= Section 69 of the Constitution Act, 1867 =

Provision of the Constitution of Canada

British North America Act, 1867

Section 69 of the Constitution Act, 1867 (Article 69 de la Loi constitutionnelle de 1867) is a provision of the Constitution of Canada creating the Legislature of the province of Ontario, which did not exist prior to 1867. The Constitution Act, 1867 created Ontario, including the institutions of the new provincial government, such as the Legislature.

The Legislature was unicameral, consisting of the Lieutenant Governor of Ontario and the elected Legislative Assembly. Ontario operates on the Westminster parliamentary system of responsible government, with the government drawn from, and responsible to, the Legislative Assembly.

The Constitution Act, 1867 is the constitutional statute which established Canada. Originally named the British North America Act, 1867, the Act continues to be the foundational statute for the Constitution of Canada, although it has been amended many times since 1867. It is now recognised as part of the supreme law of Canada.
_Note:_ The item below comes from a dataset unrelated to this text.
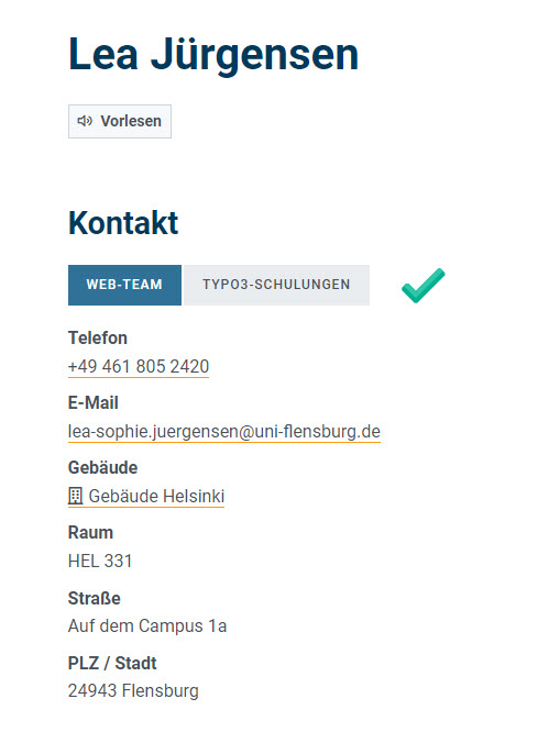 Abbildung 4: Kontaktseite enthält im Beispiel zwei umschaltbare Reiter mit verschiedenen Kontaktdaten, je nach Position

== Constitution Act, 1867==

The Constitution Act, 1867 is part of the Constitution of Canada and thus part of the supreme law of Canada. The Act sets out the constitutional framework of Canada, including the structure of the federal government and the powers of the federal government and the provinces. It was the product of extensive negotiations between the provinces of British North America at the Charlottetown Conference in 1864, the Quebec Conference in 1864, and the London Conference in 1866. Those conferences were followed by consultations with the British government in 1867. The Act was then enacted by the British Parliament under the name the British North America Act, 1867. In 1982 the Act was brought under full Canadian control through the Patriation of the Constitution, and was renamed the Constitution Act, 1867. Since Patriation, the Act can only be amended in Canada, under the amending formula set out in the Constitution Act, 1982.

== Text of section 69 ==

Section 69 reads:

Section 69 is found in Part V of the Constitution Act, 1867, dealing with provincial constitutions. It has not been amended since the Act was enacted in 1867.

== Legislative history ==

At the Quebec Conference, the Quebec Resolutions provided that the Province of Canada would be divided into two new provinces, Ontario and Quebec. The conference delegates left the constitutional structure of the two new provinces to the government of the Province of Canada to determine.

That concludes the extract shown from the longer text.